Marjorie Taylor Greene’s fire was suddenly extinguished this week. She has made herself irrelevant
Marjorie Taylor Greene made sure to milk every moment of the six weeks since she filed her motion to vacate. Inexplicably, she regularly paraded around the Hill with her boyfriend — Right Side Broadcasting Network host Brian Glenn — and was often also accompanied by her cueballed press secretary Nick Dyer. When Greene finally actually called for a vote on Wednesday night and a group of centrist Republicans gathered, Glenn and Dyer watched on. Dyer lit a cigarette. Glenn told me he supported his girlfriend “one hundred per cent.”

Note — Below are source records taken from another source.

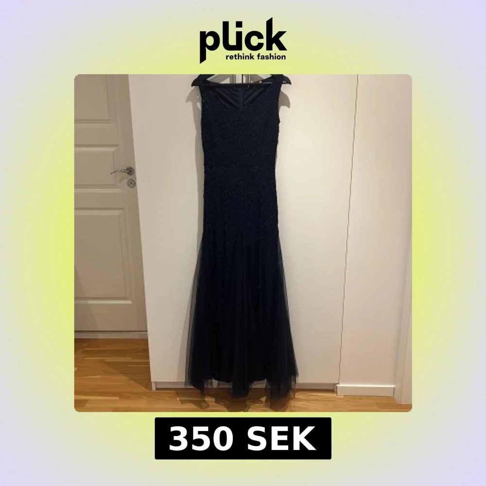 Elegant marinblå långklänning med v-ringad hals och ärmlös design. Klänningen har vackra spetsdetaljer upptill och ett flowy tylltyg nedtill som ger en lyxig känsla. Perfekt för bal eller festliga tillfällen när du vill sticka ut.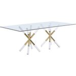 Bring modern pizzazz to your living room with this Mercury Acrylic Gold Dining Table by Meridian Furniture. The base features a pedestal design with acrylic gold legs for a touch of contemporary fun. The tempered glass top offers plenty of room for seating guests for intimate meals together. The top is clear, so you can easily see the beauty of the metallic legs showing through, giving your living room or den a little something extra.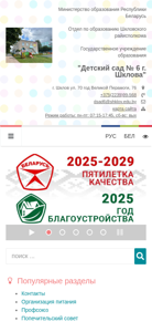 | AI-анализ | The portal "Детский сад 6 г.Шклова" is a government educational institution in the city of Shklov, Belarus. It is part of the Ministry of Education of the Republic of Belarus and the Shklov Regional Executive Committee. The website provides information about the kindergarten, including its address, contact details, opening hours, and administrative procedures. It also offers resources such as forms, popular inquiries, and contacts for various organizations. The site includes sections on the structure of the kindergarten, its staff, and rules for parents. It also features interactive maps of the educational network in the Mogilev region and information on licensing and data protection policies. The kindergarten's activities and goals, as well as job vacancies and parent resources, are also covered. The site is operated by the Shklov Fire and Emergency Service and includes announcements, surveys |

Greene relished the fact that amid multiple important votes in Congress — including lawmakers passing legislation to keep the government open and assisting allies like Ukraine — all of the reporters huddled around her and asked for her thoughts. This happened despite the fact that she never had the votes to depose Mike Johnson. She didn’t really have anything serious to offer him, either.
When she finally pulled her motion to vacate on Wednesday, she enraged Republicans and Democrats alike for the simple reason that they were all about to go home early. It was just before a final round of votes, after which the House had already decided to let everyone leave. That might have been why representatives from both sides groaned, hollered and heckled her.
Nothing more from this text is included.